Athavanad  is a village in the Tirur Taluk, in the Malappuram District of the state of Kerala, India. The town lies on the National Highway 17, between Kuttippuram and Valanchery. Puthanathani is the main town of the Athavanad village and the village office is located in Athavanad Para & Kurumbathoor. Nearby towns include Valanchery, Kalpakanchery, Tavanur, Tirunavaya, Kuttippuram, Irimbiliyam, and Edayur. 

Athavanad  is also famous for historical  Azhvanchery Mana which built about 400 years ago.

Etymology

In Malayalam, "Athavanad" is an abbreviation of "Azhvanchery Thambrakkal Vazhunna Nadu". The region was under the rule of the Azhvanchery Thamprakkal feudal lords in ancient times.
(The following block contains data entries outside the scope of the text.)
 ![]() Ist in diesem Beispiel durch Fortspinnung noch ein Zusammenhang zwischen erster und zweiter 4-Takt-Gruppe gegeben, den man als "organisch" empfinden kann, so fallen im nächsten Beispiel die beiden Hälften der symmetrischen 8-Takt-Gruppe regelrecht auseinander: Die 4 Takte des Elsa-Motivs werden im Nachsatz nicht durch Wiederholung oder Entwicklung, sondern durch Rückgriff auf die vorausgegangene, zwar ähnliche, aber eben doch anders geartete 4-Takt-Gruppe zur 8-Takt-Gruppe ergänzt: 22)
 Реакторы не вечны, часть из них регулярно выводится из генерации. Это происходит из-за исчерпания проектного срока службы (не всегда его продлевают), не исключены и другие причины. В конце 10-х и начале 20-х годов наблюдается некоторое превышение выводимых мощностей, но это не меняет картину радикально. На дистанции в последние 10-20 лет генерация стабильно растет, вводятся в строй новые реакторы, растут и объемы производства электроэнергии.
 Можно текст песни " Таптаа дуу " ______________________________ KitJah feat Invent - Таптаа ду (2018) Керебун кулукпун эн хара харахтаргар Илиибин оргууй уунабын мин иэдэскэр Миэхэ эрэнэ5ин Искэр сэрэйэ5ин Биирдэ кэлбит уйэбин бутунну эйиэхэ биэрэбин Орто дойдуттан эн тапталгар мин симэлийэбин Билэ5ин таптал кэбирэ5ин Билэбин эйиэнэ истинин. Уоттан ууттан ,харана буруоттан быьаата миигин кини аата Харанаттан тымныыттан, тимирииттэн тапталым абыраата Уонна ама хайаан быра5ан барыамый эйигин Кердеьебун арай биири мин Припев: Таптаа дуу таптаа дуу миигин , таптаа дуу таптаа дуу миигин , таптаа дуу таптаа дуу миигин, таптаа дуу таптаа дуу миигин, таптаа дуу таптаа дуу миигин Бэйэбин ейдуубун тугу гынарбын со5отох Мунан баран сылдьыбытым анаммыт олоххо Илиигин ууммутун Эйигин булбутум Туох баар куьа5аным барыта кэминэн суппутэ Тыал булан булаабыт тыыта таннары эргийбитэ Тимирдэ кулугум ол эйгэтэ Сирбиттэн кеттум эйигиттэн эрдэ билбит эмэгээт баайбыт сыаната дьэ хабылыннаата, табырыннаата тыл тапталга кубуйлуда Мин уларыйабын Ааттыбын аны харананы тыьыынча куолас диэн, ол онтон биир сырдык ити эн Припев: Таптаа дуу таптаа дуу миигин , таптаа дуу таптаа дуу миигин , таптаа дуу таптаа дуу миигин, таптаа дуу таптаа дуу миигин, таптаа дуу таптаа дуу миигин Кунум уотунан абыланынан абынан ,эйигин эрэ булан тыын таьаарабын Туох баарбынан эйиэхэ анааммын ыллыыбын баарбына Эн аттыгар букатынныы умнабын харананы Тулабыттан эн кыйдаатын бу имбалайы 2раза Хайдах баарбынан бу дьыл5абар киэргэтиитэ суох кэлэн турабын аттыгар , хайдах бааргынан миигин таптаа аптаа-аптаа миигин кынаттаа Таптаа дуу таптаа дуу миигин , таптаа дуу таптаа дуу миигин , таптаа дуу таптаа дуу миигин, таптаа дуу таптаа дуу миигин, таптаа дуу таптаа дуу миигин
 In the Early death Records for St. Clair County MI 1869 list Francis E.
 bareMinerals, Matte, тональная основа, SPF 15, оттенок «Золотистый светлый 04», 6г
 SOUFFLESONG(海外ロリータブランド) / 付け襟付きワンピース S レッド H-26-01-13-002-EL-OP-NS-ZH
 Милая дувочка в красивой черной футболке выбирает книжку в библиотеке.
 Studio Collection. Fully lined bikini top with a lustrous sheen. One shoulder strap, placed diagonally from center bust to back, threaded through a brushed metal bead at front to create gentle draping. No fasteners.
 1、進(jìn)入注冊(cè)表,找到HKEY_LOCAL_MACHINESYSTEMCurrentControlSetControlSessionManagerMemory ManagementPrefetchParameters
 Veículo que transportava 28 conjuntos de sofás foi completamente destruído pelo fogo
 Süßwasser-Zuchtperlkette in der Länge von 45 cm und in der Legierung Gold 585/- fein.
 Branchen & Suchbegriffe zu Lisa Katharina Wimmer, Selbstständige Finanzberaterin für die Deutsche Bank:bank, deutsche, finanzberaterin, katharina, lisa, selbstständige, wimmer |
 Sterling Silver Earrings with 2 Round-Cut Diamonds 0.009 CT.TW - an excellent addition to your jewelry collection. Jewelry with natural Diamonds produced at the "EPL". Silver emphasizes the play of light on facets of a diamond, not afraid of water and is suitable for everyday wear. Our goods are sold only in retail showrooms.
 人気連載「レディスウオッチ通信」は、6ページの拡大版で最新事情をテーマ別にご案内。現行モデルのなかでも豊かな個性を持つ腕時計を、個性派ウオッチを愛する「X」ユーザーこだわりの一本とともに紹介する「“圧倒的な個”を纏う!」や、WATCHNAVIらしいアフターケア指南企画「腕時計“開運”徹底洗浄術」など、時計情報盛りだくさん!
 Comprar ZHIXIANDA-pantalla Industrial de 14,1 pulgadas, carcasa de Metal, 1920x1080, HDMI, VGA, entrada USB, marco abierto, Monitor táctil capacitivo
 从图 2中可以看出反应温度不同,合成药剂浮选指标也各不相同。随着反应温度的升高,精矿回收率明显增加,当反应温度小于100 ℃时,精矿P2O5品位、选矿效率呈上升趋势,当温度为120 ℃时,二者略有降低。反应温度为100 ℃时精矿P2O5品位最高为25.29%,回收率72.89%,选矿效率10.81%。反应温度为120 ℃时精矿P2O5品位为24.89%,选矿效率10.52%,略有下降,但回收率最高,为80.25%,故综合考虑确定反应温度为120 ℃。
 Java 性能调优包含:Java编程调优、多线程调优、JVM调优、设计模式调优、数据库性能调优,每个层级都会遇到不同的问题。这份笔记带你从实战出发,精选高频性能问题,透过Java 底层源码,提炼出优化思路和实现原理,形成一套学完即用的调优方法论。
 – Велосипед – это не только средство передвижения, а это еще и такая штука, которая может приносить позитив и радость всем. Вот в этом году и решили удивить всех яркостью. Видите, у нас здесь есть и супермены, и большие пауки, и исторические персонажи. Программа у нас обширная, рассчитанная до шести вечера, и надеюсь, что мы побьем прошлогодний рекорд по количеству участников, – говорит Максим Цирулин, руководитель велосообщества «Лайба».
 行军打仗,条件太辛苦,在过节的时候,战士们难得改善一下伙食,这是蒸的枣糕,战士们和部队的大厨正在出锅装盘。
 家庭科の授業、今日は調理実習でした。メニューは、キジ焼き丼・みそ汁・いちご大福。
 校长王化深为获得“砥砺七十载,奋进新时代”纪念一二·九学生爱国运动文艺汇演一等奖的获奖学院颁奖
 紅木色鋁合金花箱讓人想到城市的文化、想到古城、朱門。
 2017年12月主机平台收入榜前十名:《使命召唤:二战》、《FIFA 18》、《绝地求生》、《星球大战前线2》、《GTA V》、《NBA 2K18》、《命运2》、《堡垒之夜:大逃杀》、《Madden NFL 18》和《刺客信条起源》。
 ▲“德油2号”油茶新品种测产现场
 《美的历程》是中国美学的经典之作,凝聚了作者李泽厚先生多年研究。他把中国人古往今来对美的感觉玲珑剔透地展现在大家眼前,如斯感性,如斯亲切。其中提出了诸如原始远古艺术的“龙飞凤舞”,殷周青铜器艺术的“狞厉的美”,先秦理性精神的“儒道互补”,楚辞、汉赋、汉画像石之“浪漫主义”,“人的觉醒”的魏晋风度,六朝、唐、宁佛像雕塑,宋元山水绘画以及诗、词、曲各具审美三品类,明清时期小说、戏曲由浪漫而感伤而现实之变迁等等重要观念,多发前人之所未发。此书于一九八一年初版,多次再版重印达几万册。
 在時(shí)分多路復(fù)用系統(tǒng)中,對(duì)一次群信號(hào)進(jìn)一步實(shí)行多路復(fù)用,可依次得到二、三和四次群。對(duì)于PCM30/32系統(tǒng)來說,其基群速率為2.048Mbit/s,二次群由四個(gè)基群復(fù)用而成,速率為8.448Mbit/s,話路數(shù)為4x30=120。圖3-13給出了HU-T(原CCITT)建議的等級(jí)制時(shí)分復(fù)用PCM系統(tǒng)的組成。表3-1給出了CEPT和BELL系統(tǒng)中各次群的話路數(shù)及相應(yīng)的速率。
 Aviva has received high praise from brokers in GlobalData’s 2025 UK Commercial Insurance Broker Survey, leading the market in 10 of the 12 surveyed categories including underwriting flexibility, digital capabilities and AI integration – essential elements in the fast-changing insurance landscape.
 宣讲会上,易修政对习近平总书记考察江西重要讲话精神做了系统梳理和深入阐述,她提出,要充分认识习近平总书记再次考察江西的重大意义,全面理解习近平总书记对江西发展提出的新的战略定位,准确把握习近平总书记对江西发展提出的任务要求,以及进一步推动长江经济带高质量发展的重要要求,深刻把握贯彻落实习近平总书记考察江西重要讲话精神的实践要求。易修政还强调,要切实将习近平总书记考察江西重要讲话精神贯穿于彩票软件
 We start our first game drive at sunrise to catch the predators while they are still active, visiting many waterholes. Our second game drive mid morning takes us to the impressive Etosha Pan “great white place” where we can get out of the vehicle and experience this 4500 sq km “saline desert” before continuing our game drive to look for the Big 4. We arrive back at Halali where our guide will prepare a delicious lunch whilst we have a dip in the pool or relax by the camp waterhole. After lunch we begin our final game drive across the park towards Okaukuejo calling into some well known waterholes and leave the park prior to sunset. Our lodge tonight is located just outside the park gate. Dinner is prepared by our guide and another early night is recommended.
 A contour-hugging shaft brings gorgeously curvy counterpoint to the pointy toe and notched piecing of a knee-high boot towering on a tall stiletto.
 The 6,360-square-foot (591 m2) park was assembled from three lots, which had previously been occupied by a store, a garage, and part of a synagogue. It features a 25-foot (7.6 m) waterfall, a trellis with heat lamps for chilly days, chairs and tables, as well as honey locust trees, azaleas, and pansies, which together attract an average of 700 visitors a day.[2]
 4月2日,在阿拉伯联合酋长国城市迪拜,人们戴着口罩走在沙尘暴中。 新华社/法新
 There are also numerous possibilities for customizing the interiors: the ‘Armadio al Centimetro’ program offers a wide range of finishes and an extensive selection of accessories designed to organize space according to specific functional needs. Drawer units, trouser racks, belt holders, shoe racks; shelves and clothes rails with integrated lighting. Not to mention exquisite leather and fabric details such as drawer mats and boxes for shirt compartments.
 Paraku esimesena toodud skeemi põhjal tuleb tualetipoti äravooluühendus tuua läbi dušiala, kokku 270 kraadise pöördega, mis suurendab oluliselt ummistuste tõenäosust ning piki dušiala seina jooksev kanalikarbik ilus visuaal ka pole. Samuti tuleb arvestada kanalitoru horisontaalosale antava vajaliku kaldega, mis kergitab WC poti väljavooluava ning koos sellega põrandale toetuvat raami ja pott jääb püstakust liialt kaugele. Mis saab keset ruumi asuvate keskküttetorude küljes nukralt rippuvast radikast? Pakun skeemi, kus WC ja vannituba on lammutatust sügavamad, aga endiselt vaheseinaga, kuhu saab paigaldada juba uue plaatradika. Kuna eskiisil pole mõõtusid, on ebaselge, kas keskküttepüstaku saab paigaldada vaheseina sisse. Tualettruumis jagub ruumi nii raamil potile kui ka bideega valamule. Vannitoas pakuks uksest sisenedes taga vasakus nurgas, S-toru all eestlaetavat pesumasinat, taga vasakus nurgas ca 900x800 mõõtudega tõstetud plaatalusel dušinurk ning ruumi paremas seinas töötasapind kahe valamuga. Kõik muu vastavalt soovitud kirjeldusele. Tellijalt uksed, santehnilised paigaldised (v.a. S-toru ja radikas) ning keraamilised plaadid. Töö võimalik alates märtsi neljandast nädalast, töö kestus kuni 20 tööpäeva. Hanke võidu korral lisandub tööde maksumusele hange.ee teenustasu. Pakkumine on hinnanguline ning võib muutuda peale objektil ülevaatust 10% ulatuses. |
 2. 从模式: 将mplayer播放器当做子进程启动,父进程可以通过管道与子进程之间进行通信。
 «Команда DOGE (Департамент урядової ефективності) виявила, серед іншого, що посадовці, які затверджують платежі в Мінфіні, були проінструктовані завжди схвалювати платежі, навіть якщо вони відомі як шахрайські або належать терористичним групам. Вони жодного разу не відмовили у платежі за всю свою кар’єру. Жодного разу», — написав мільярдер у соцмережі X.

Azhvanchery Thamprakkal were usually present at the Ariyittu Vazhchaof a new Zamorin of Calicut. The original headquarters of Palakkad Rajas were also at Athavanad.

Industries
Athavanad has some industries.  Athavanad is home to several public enterprises in the textile industry.
 The MALCOTEX (Malabar Co-operative Textiles Limited) is headquartered at Athavanad.
 KELTEX (Kerala Hi-Tech Textile  Cooperative Limited) is also located here.

Demographics
As of the 2011 Census of India, Athavanad had a population of 20,480. 9,612 (47%) are men, and around 11,000 (53%) are women. The population density is approximately 1,524 people per square kilometer. Children under the age of six make up 14% of Athavanad's population.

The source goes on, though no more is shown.